The attitude the approach takes is that "run once and let exit(3)
clean after us" programs *should* care.  And at that point, maybe

	char *some_var = xstrdup("default");
	git_config_string(&some_var, ...);

that takes "char **" and frees the current storage before assigning
to it may be simpler than the two-variable approach.

But you're right.  We cannot just unconst the type and be done with
it---there are associated clean-up necessary if we were to do this.

Thanks.

Re: [PATCH 2/2] sequencer.c: plug mem leak in git_sequencer_config

[Jeff King]

On Mon, Jun 04, 2018 at 01:26:57PM +0900, Junio C Hamano wrote:

> > Doing it "right" in C would probably involve two variables:
> >
> >   const char *some_var = "default";
> >   const char *some_var_storage = NULL;
> >
> >   int git_config_string_smart(const char **ptr, char **storage,
> >                               const char *var, const char *value)
> >   {
> >         ...
> > 	free(*storage);
> > 	*ptr = *storage = xstrdup(value);
> > 	return 0;
> >   }
> >
> >   #define GIT_CONFIG_STRING(name, var, value) \
> >   git_config_string_smart(&(name), &(name##_storage), var, value)
> >
> > Or something like that.
> 
> The attitude the approach takes is that "run once and let exit(3)
> clean after us" programs *should* care.

Even with "let exit clean up", we are still leaking heap every time the
variable is assigned after the first. Again, I don't think it matters
that much in practice, but I think:

  [core]
  editor = foo
  editor = foo
  ...etc...

would leak arbitrary memory during the config parse, that would be
allocated for the remainder of the program. I guess you could say exit()
is handling it, but I think the point is that we are letting exit()
handle memory that was potentially useful until we exit, not leaks. :)

> And at that point, maybe
> 
> 	char *some_var = xstrdup("default");
> 	git_config_string(&some_var, ...);
> 
> that takes "char **" and frees the current storage before assigning
> to it may be simpler than the two-variable approach.

That _is_ much nicer, but you cannot use xstrdup() as the initializer
for a global "static char *some_var", which is what the majority of the
config variables are. It's this "static initializer sometimes, run-time
heap sometimes" duality to the variables that makes handling it such a
pain.

With that strategy, we'd have to have a big initialize_defaults()
function. Which actually might not be _too_ bad since we now have
common-main.c, but:

  - it sucks to keep the default values far away from the declarations

  - it does carry a runtime cost. Not a huge one, but it sucks to pay it
    on every program startup, even if we're not using those variables.

-Peff

Re: [PATCH 2/2] sequencer.c: plug mem leak in git_sequencer_config

[Junio C Hamano]

Jeff King <peff@peff.net> writes:

> With that strategy, we'd have to have a big initialize_defaults()
> function. Which actually might not be _too_ bad since we now have
> common-main.c, but:
>
>   - it sucks to keep the default values far away from the declarations
>
>   - it does carry a runtime cost.

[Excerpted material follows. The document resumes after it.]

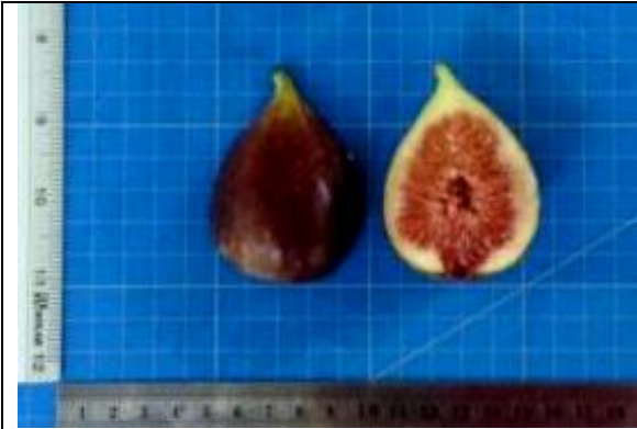
ภาพที่ 3 ผลมะเดื่อฝรั่งพันธุ์ Brown turkey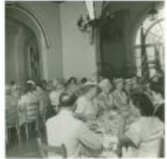
Club activities (OGPRUS_OIPR_b3360_f22_0001)

Not a huge one, but it sucks to pay it
>     on every program startup, even if we're not using those variables.

True, and s/even if/even though most of the time/ the situation is
even worse X-<.

Re: [PATCH 2/2] sequencer.c: plug mem leak in git_sequencer_config

[Jeff King]

On Sun, Jun 03, 2018 at 11:56:37PM -0400, Jeff King wrote:

> So sometimes some_var needs to be freed and sometimes not (and every one
> of those uses is a potential leak, but it's OK because they're all
> program-lifetime globals anyway, and people don't _tend_ to set the same
> option over and over, leaking heap memory). And C being C, we can't
> convert a pointer-to-pointer-to-const into a pointer-to-pointer without
> an explicit cast.
> 
> Doing it "right" in C would probably involve two variables:
> 
>   const char *some_var = "default";
>   const char *some_var_storage = NULL;
> 
>   int git_config_string_smart(const char **ptr, char **storage,
>                               const char *var, const char *value)
>   {
>         ...
> 	free(*storage);
> 	*ptr = *storage = xstrdup(value);
> 	return 0;
>   }
> 
>   #define GIT_CONFIG_STRING(name, var, value) \
>   git_config_string_smart(&(name), &(name##_storage), var, value)
> 
> Or something like that.

Oh, one other option I forgot to mention: we already have an "intern"
hashmap helper. So we could just replace the xstrdup() with strintern()
and magically the memory isn't "leaked".

I think this is a little bit of a hack, though. It catches my:

  [core]
  editor = foo
  editor = foo

case, because we only ever make one copy of the string "foo". But if I
do:

  [core]
  editor = 1
  editor = 2
  ...

then we get unique strings. And while they're not _technically_ leaked,
since the hashmap still knows about them, they might as well be. They're
still wasting space through the duration of the program run.

-Peff

Re: [PATCH 2/2] sequencer.c: plug mem leak in git_sequencer_config

[Johannes Schindelin]

Hi Peff,

On Mon, 4 Jun 2018, Jeff King wrote:

> On Mon, Jun 04, 2018 at 01:26:57PM +0900, Junio C Hamano wrote:
> 
> > And at that point, maybe
> > 
> > 	char *some_var = xstrdup("default");
> > 	git_config_string(&some_var, ...);
> > 
> > that takes "char **" and frees the current storage before assigning to
> > it may be simpler than the two-variable approach.
> 
> That _is_ much nicer, but you cannot use xstrdup() as the initializer
> for a global "static char *some_var", which is what the majority of the
> config variables are. It's this "static initializer sometimes, run-time
> heap sometimes" duality to the variables that makes handling it such a
> pain.

This makes me think of Michael's proposal to teach strbuf some sort of
STRBUF_INIT_CONST("default") which would set the appropriate len and set
alloc to 0.

That way, we could turn those settings into strbufs that only allocate
memory when/if needed.

We would need to be careful to revisit all strbuf_*() functions to make
sure that they test not only for enough space when growing the string, but
also when reducing it (unless reducing to len 0, in which case we can
reassign strbuf_slopbuf to the buf field).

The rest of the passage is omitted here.